Brain Science Explains How Your Logo WorksWeve written before about the science behind logo design and how your logo may be able to change the behavior of your customers (check out those posts here and here). And while those studies are fascinating, there is other research in behavioral psychology that helps to explain why logos (as well as other design elements and branding) work.

In the book, Thinking Fast and Slow, author Daniel Kahneman writes about cognitive ease, a phenomenon in which easy-to-recognize images and easy-to-pronounce words create positive emotional reactions in the people who see or hear them. Whats more, the more often a person sees an image, the more they like the image. According to Kahneman, repetition induces cognitive ease and a comforting feeling of familiarity.

The author then shares an experiment that ran at the University of Michigan and Michigan State, where researchers printed an ad in the school’s newspapers that included several Turkish or Turkish sounding words like, kadirga, saricik, biwonjni, nansoma, and iktitaf. Some of the words were shown just once or twice, others were shown as many as 25 times.

When the mysterious ads ended, researchers sent questionnaires to the readers of the newspapers asking whether the words meant something good or something bad. The words that were presented more frequently were rated much more favorably that the words that had been shown only once or twice. And the finding has been confirmed many times using Chinese ideographs, faces, and random shapes.

Perhaps most interesting of all, the effect occurs even when the repeated words or pictures are shown so quickly that the observers never become aware of having seen them.

Evolution of Logo DesignWhy does this happen?
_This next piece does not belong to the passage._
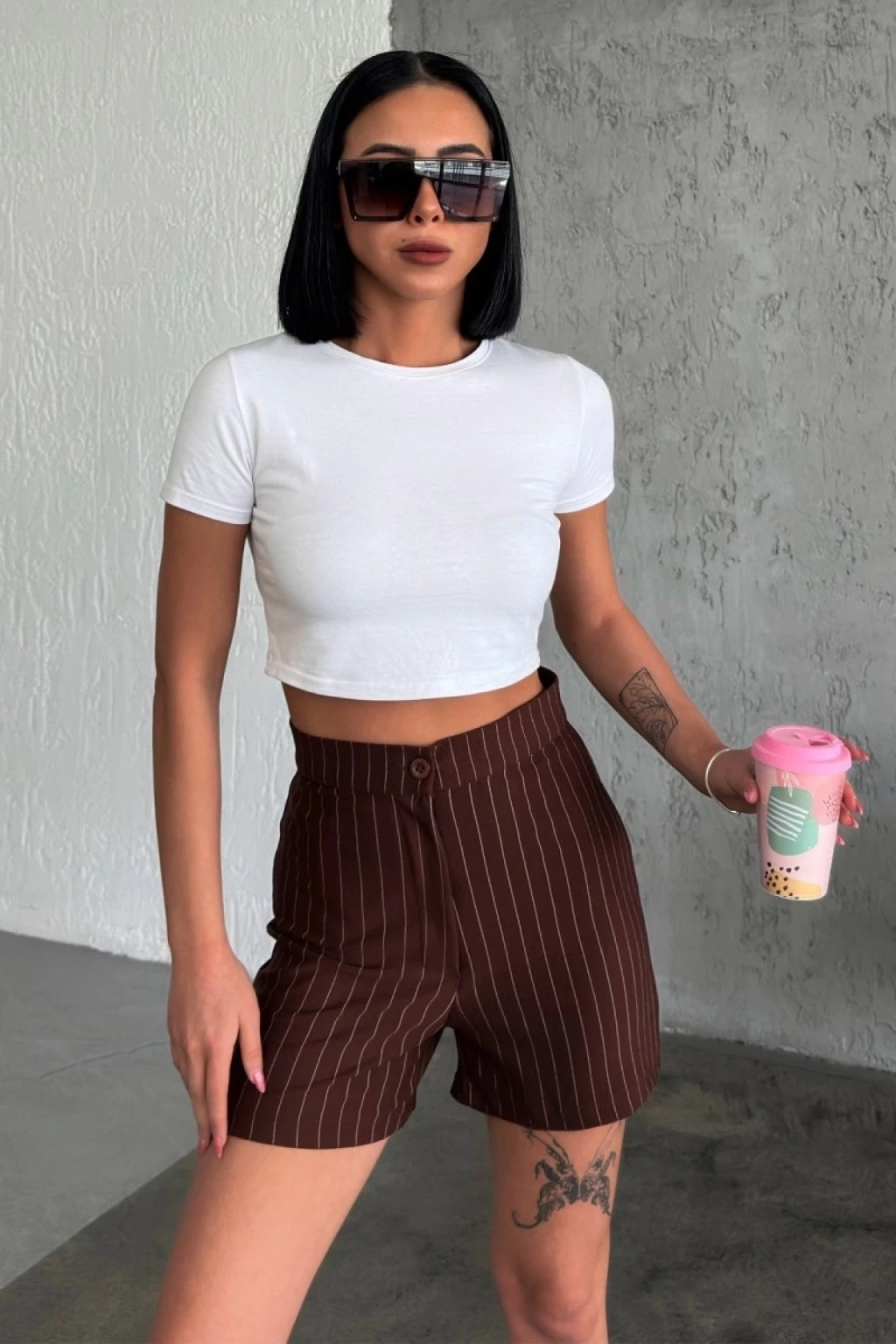 -Bu göz alıcı yüksek bel krep çımalı çizgili şort, doğanın sıcak ve zarif tonlarından esinlenerek tasarlandı. Kahverengi rengi, doğallığı ve şıklığı bir araya getirirken, esnek likralı kumaşı ise gün boyu rahatlık sunuyor.

Researchers link this effect to our biology (and it extends to other animals as well). From the book: To survive in a frequently dangerous world, an organism should react cautiously to novel stimulus, with withdrawal and fear. Survival prospects are poor for an animal that is not suspicious of novelty. However, it is also adaptive for the initial caution to fade if the stimulus is actually safe. The more that nothing bad happens, the more the stimulus becomes a signal for safety. Over time we even seek out those things that become most familiar.

So what does this have to do with your logo design or any logo you might see?

We often talk about using your logo as often as possible and as consistently as possible. The more your customers see your logo and associate it with a safe or positive experience, the more it creates “cognitive ease” and familiarity. The more familiar your logo becomes to the people who see it, the more likable it is. And the more likable your business or product will be. This may even be true when customers aren’t aware of having seen your logo.

A familiar logo design almost certainly means more customers and a healthier business for you. So what are you doing to make your logo more familiar to potential customers?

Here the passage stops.